I own an Canon XM2 (that's the European version of the GL2).

I like very much how the movietube looks! The adapter looks nicer than the P+S one. With shoulder support, viewfinder, XLR adapters... A complete accesory for miniDV.

I expect prices going down from now, as there's competition. I realy don't understand how could they ask 8000USD for an accesory made for a 3000USD camcorder...

Spencer Houck
July 11th, 2003, 12:12 PM
I love that image, absolutely great!

I'm a very uninformed "noob" if you will, but I keep hearing people say that the 35 mill conversion doesn't work well with cameras with permanent lenses, such as your GL2 and my VX2000. Your tests seem to put that thought to shame, and I hope the same can be attained by my VX noting our similar lens setups.

Knowing that I'm totally uninformed, in theory could we in effect cancel out that we have lenses in front of our cameras? Bear with me now, but could you replicate the permanent lens structure of our cams in reverse and toss it in front of our cameras to take us down to a sort of "glassless state" like the Xl1? It seems a little fantastical and may introduce color abberations, etc., or maybe it just doesn't make any logical sense at all, but it just sounds like it may be crazy enough to work to someone who's clueless :). Who knows, maybe with your setup the glass in front of my camera won't instigate a problem, I'll just have to test and find out.

Oh yeah, I can't see very well what the philatelic lens(5x) looks like in your setup picture. Can you explain that to me, is it just a normal magnifying glass like any one you'd find?

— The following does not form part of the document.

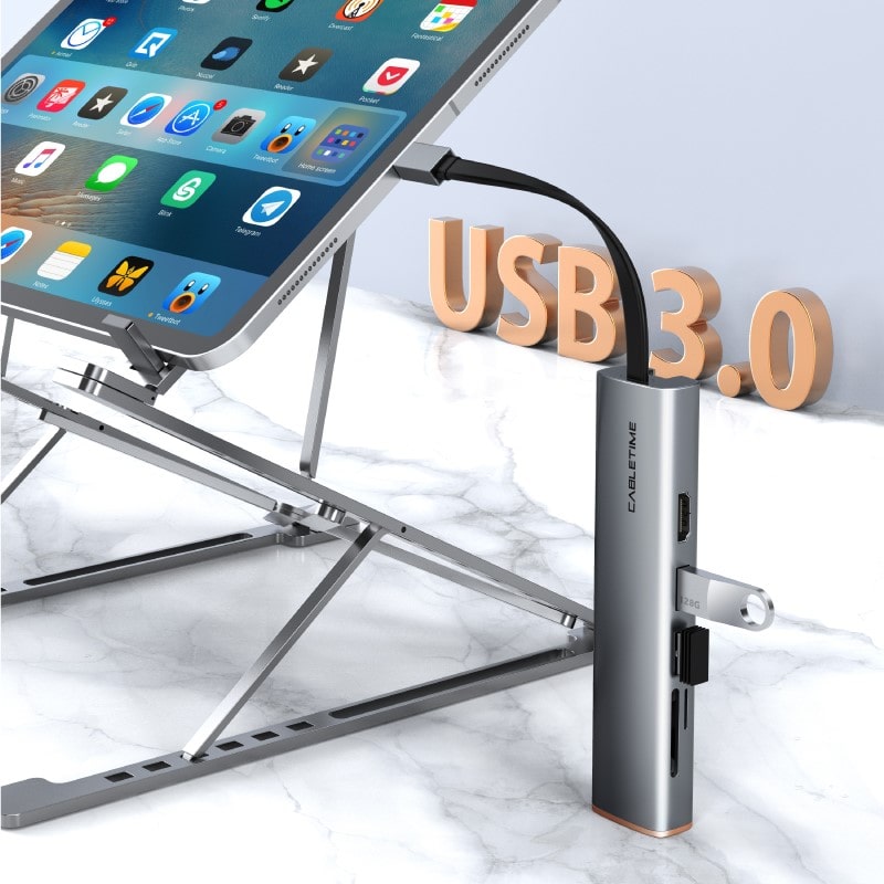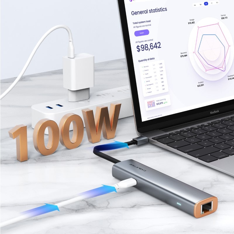 Zorg voor snel en stabiel internet via de Ethernet poort van de 7-in-1 hub. Ideaal voor situaties waar wifi niet stabiel of erg traag werkt, zoals in hotelkamers. De RJ45-poort kan uw internetsnelheid identificeren en zal zich automatisch aanpassen aan de juiste snelheid. (10, 100 of 1000 Mbps).

Thanks for keeping the innovative stuff alive,
Spencer Houck
shouck@neo.rr.com

John Jay
July 11th, 2003, 02:08 PM
eureka or maybe countach!


Cosmin

1 was the fresnel still necessary?

2 looks like I shall find a new use for the lenses from my Pentax LX kit :)

Jaime Roman
July 11th, 2003, 10:09 PM
Hey cosmin,

How did you invert your image? Did you do this in post or did you use prisms?

I took a canon eos camera apart and am using a skeletal version of it; problem is i didn't realize that canon eos lenses do not have a diagphram control it is controlled by the camera body (which i just finished destroying, UGH!) do these lenses default to being wide open? Or, will i be destroying a perfectly good lens?

Cosmin Rotaru
July 14th, 2003, 03:34 AM
Hi guys!

Spencer, why do you need that "glassless state" for your VX2000? Al you need is to focus the camcorder lenses onto the 35mm GG. For this you need a close up lens: a normal magnifying glass.

John, in this second test I didn't use a fresnell lens. The image is cropped on top and bottom (for a 16:9 or whatever look) and so the corners are left out. And so is the vigneting!

Jaime, I inverted the image in post. I don't have a prism. I don't know about the EOS lens. The lenses I use (Pentax K-mount?!) are wide open by default. The lens has a small lever that goes from the lens in the camera. Whatever aperture you chose, the lens stays open until you take the pic. Than the aperture is closed at the chosen level by switching that lever on the lens (yes, the camera does that). You can turn that lever by hand and see how the iris closes. I don't know if this is the case with the EOS lenses.

Spencer Houck
July 14th, 2003, 06:56 AM
Could you post some pictures of your newly updated rig, especially any with the camera set up on it also?

I seem to have a hard time focusing my camera on anything relatively close which is discouraging me a lot in recreating this great effect. I believe the GL2's minimum focusing distance is much shorter than my VX2000's. Hopefully I can get it all working.

Thanks,
Spencer Houck
shouck@neo.rr.com

Cosmin Rotaru
July 14th, 2003, 08:11 AM
I'll see what I can do so I can take a pic "with the camera set up on" the rig.
The problem is that I use the camcorder to take the pics...
You'll see that the GG is not very close to the camcorder's lens. Look again at the pics I've already posted. Is the same setup but I use the rotating CD instead of the GG/fresnel sandwich. The magnifying glass allows zooming in the GG.